|
Loading...
OmicSoft Server on the Cloud Tutorial
Go Back
Quick tutorial on analyzing NGS data with OmicSoft Server on the Cloud
With OmicSoft Server + Server on the Cloud can execute parallel NGS analyses on your AWS Cloud environment. Data stored on your S3 buckets are available for analysis, just like any other data on your server.
This add-on feature only requires one-time configuration by your OmicSoft Server administrator, described on OmicSoft Server Configuration with Cloud .This feature can work with OmicSoft Server installations on physical machines, or Cloud-based virtual machines, as long as the machines can reach AWS services.
OmicSoft Server on the Cloud basics
The basic logic for OmicSoft Server on the Cloud to trigger cloud-based NGS analysis is:
- Input is S3-based data within a mapped S3 folder
- Output is a mapped S3 folder
- OmicSoft Server creates temporary cloud compute “EC2” instances in your AWS environment, transfers input data from S3 to EC2, performs analysis, and transfers output data to S3
- Summarizations and analysis tables will be automatically downloaded to your OmicSoft Server project
- Each sample will be analyzed on a separate EC2 instance; there is rarely a reason to limit the number of parallel jobs
Example Server on the Cloud workflow
Create or Open a Server-based project
- Connect to your OmicSoft Server
- Open or create a new Server-based project (in the Analysis tab)

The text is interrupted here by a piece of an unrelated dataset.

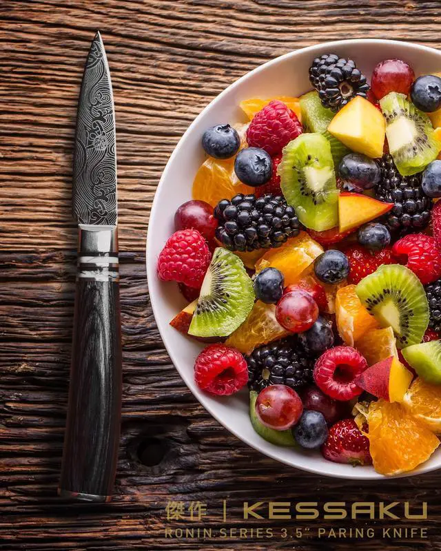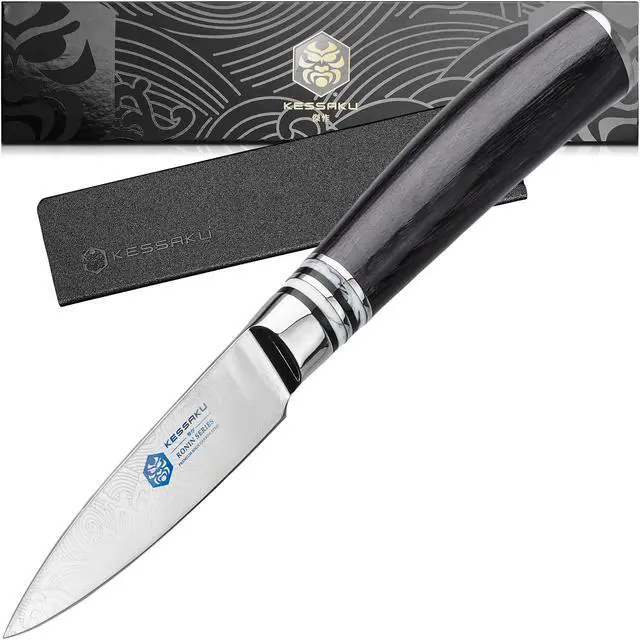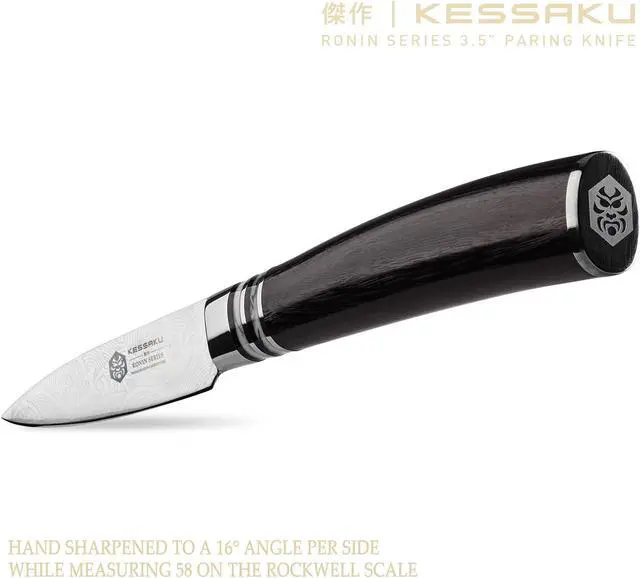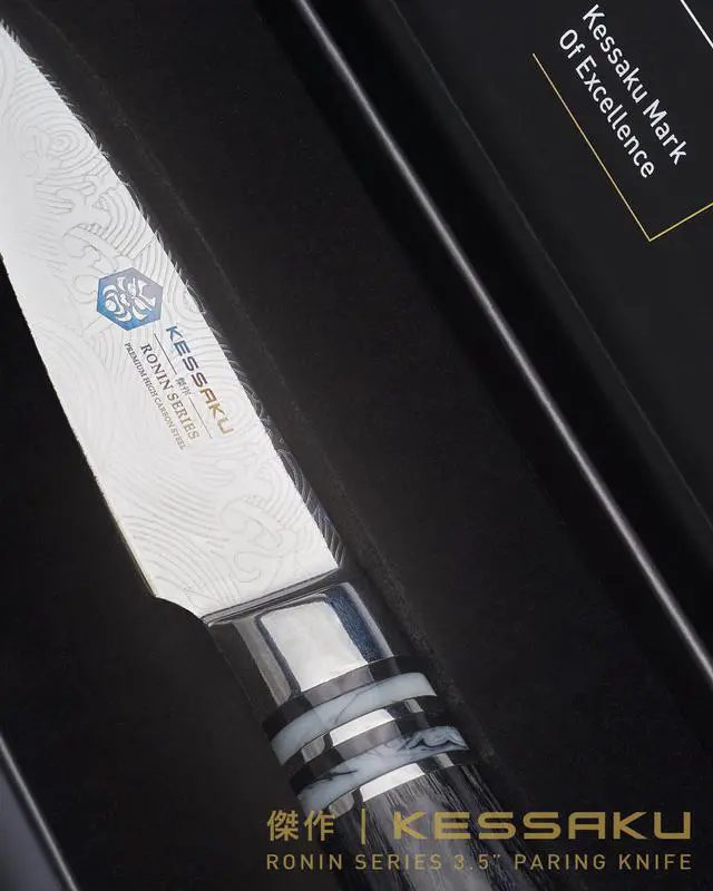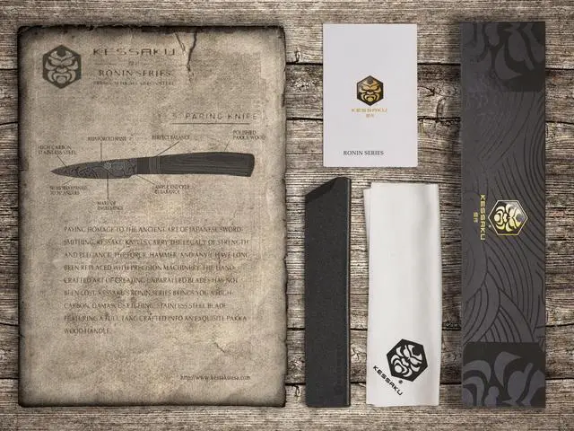 Astonishingly formidable with unparalleled craftsmanship, our Ronin Series knives were crafted to reflect centuries of traditional Japanese knife design, along with cutting-edge forging techniques. Stylish & gorgeous, these knives will draw the eye in any kitchen! Ferociously sharp & made from high carbon 7Cr17MoV Stainless Steel for greatly enhanced corrosion & rust resistance. It's Precision Forged, Nitrogen Cooled blade is individually handcrafted & hand-sharpened by our technicians in the traditional Japanese 3-stage Honbazuke method to 16° per side for clean, precise, cuts, amazing edge-retention, with a Rockwell Hardness of 58 for maximum strength, flexibility, & blade edge durability. Our mirror polished, smooth pakka wood handle with resin inlays is impact-resistant, & nearly impervious to heat, cold, & moisture, while its seamless build ensures no debris can ever infiltrate its body. Ergonomically designed with ample knuckle clearance for superior control & agility, triple-rivet construction, and Full Tang Strength for a lifetime of safe & precise use.

- Upload or locate your data on your mapped S3 bucket (in the Server tab, with Server Files)
Transfer Files to Server cloud
Before running server jobs on cloud, you will upload the data files to a Cloud folder, or locate data already transferred. Go to Server File | Browse Files window. It’s best practice for OmicSoft Administrators to name mapped S3 folders with “Cloud” in the folder, so you can differentiate Cloud S3 folders from network-mapped folders. In this example, the folder is named “SGECloudFolder”, and Vivian has created a subfolder to store input data.
Uploading files from your computer
If data are not already in the Cloud S3 folder, click Upload to transfer data from your local computer.
Downloading files from NCBI SRA
If you want to analyze data submitted to NCBI SRA, ERA, etc., you can quickly download to your Cloud bucket with Download FASTQ files from NCBI SRA
Direct transfer to S3 bucket (Advanced Users)
Mapped cloud folders are your own S3 buckets; experienced AWS users can directly transfer data into the S3 location, and data will be immediately available for analysis in OmicSoft Server on the Cloud.
Run your Cloud analysis
To run a cloud-based analysis, simply choose your NGS analysis module (such as Download NCBI SRA FASTQ, OmicSoft RNAseq pipeline function , Report Gene/Transcript Counts, etc), and be sure to specify S3 locations for both Input and Output locations.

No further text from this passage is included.